The method of claim 4, wherein the method for determining the related investment index corresponding to the investment item,
Further comprising performing filtering on unstructured documents corresponding to predetermined filtering conditions among the collected unstructured documents,
A method of providing item information, characterized in that atypical documents remaining after filtering are specified as the documents to be judged.

The method of claim 5, wherein the filtering of unstructured documents corresponding to predetermined filtering conditions among the unstructured documents collected by the system comprises:
generating a document vector for each of the collected irregular documents;
clustering atypical documents having a similarity of at least a certain level based on the generated document vectors; and
A method of providing item information, comprising performing filtering to exclude some of the clustered atypical document clusters from documents to be judged.

7. The method of claim 6, wherein the clustering of irregular documents having a similarity of at least a certain level based on the generated document vectors comprises:
A method of providing item information comprising performing clustering among unstructured documents having the degree of similarity equal to or higher than a certain level and generating time of the unstructured documents within a predetermined time range.

According to claim 4,
The step of collecting a plurality of atypical documents corresponding to the investment item or a keyword related to the investment item,
Collecting first unstructured documents corresponding to the investment item and second unstructured documents corresponding to the related keyword, respectively;
The step of determining the investment impact index corresponding to the investment item based on the collected atypical documents,
and determining based on a first investment impact index extracted based on the first unstructured documents and a second investment impact index extracted based on the second unstructured documents.

According to claim 8,
The step of determining based on the first investment impact index extracted based on the first unstructured documents and the second investment impact index extracted based on the second unstructured documents,
The method of providing stock information, characterized in that the investment impact index is determined to have different weights for each of the first investment impact index and the second investment impact index.

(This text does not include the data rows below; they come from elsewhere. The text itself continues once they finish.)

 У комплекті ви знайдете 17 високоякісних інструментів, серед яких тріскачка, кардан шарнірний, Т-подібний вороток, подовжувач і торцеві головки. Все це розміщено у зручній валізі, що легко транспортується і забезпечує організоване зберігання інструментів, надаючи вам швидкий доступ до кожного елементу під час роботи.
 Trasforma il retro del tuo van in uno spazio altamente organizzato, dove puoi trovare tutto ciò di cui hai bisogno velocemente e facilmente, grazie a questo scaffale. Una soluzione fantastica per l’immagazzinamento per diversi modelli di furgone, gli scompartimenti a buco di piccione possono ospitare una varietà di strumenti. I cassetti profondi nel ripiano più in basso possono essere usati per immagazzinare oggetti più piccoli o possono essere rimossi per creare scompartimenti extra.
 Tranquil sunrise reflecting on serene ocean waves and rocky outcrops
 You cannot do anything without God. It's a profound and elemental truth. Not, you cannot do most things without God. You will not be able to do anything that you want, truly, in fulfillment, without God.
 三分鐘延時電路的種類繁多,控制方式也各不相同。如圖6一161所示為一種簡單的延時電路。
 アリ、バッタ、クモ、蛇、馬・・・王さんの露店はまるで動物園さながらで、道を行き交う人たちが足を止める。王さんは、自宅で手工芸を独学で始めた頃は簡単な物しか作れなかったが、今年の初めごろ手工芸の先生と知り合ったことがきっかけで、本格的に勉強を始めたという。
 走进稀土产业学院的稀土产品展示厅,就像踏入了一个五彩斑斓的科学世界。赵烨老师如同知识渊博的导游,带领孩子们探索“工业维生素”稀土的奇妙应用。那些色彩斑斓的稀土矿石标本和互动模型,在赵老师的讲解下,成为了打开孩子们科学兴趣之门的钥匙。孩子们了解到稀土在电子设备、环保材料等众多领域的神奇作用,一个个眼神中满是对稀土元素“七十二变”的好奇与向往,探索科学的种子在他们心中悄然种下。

The method of claim 4, wherein the impact determination model,
Outputs a classification result including whether each sentence included in the individual document has a positive or negative impact on investment,
A method of providing item information, characterized in that the classification result of the individual document is determined based on the determined classification result for each sentence.

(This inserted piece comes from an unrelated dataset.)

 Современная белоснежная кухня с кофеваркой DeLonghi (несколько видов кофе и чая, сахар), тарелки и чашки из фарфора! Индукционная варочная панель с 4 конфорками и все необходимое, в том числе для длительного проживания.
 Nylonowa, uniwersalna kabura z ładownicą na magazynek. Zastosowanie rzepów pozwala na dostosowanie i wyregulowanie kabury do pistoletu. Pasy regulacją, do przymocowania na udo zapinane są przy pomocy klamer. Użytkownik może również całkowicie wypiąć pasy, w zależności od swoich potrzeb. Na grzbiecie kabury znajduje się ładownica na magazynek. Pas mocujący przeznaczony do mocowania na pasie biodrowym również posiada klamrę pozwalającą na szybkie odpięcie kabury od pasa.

A computer program stored in a computer readable recording medium to perform the method according to any one of claims 1 to 10.

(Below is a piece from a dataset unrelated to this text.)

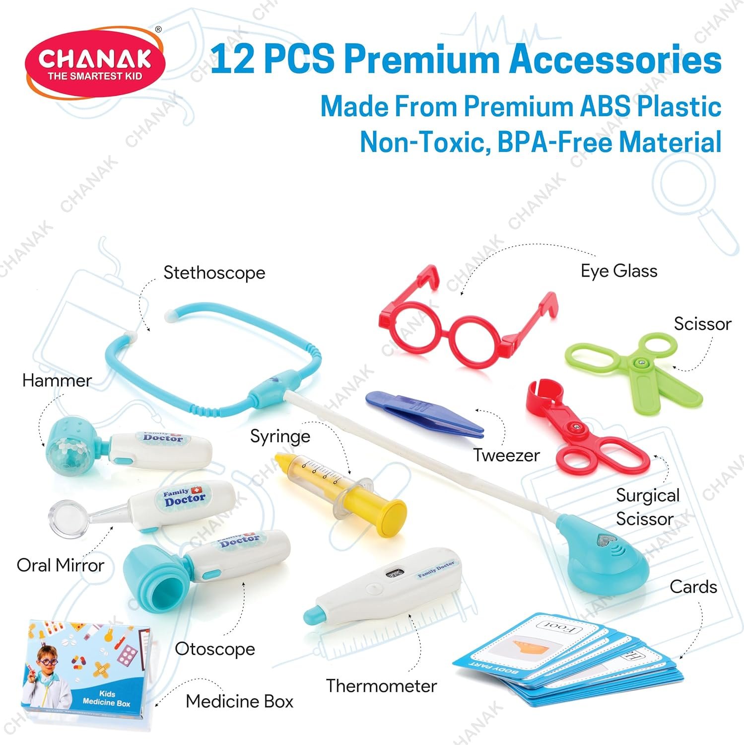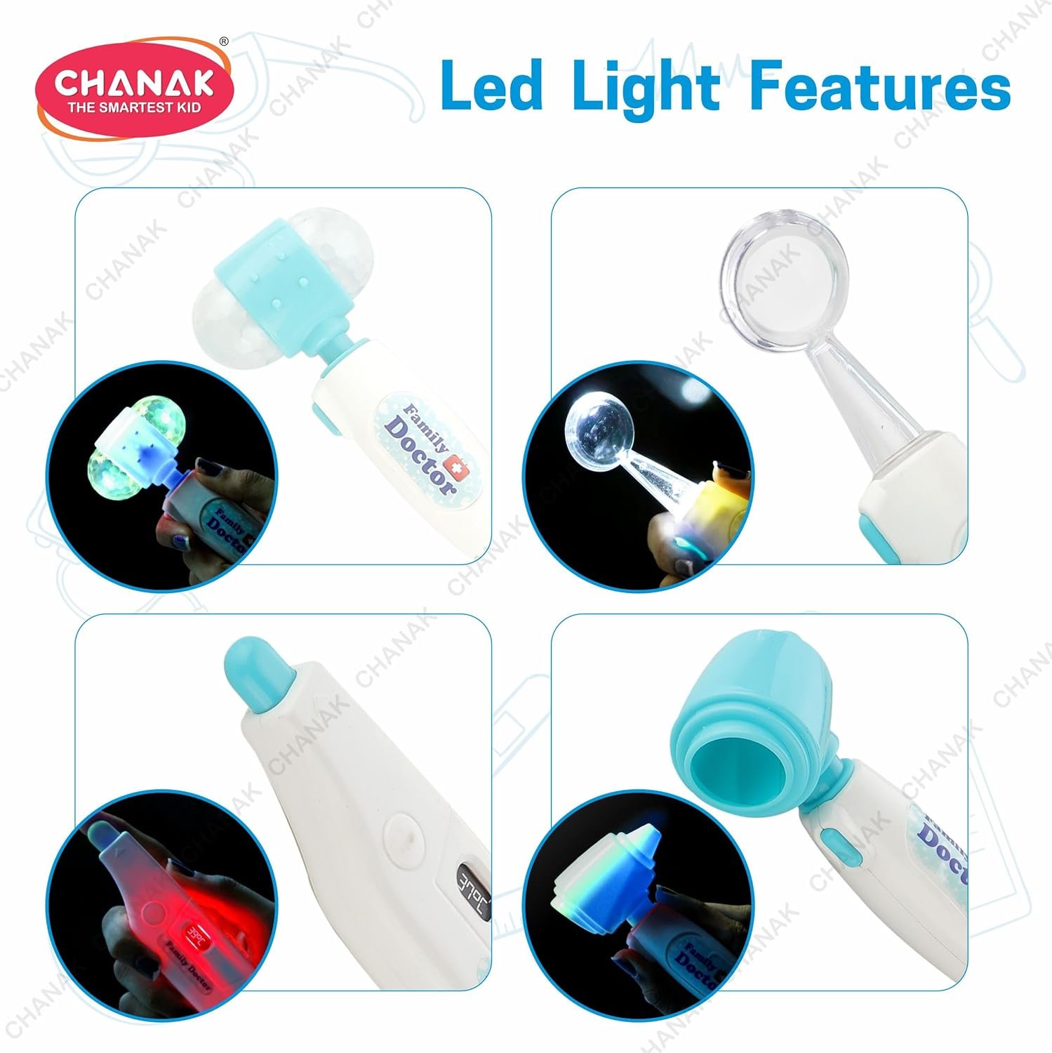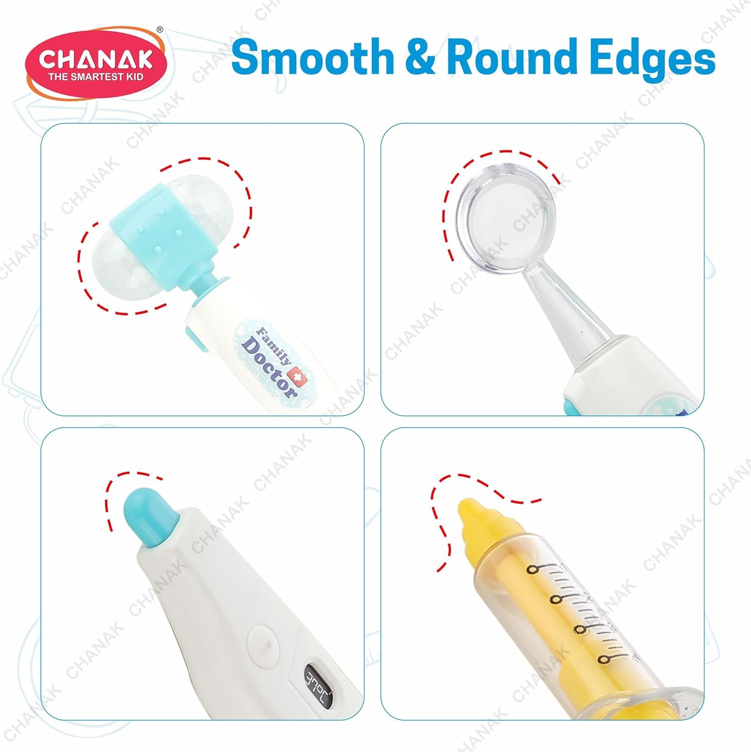 2) Innovative Stethoscope: Chanak’s Doctor Set contains a brand-new and unique stethoscope. It makes the sound of a heartbeat when pressed against the body. It comes with an attractive LED light along with a heartbeat sound. These unique features will make our doctor set your child’s favorite playtime toy.

A computer readable recording medium on which a computer program for performing the method according to any one of claims 1 to 10 is recorded.

As a computing system,
processor; and
A memory for storing a computer program executed by the processor,
The computer program, when executed by the processor, causes the computing system to:
Constructing an item-indicator relationship DB that stores related investment impact indicators corresponding to each of a plurality of investment items;
Constructing a user-indicator relationship DB that stores investment impact indicators of interest corresponding to each of a plurality of users;
Observing whether the related investment impact index corresponding to each of the plurality of investment items is updated;
determining a target user corresponding to the related investment index in which an update has occurred among the plurality of users based on the user-indicator relationship DB when a related investment index in which an update has occurred is observed; and
A computing system that causes the target user to perform a method comprising providing personalized information on an investment item corresponding to the related investment index in which an update has occurred.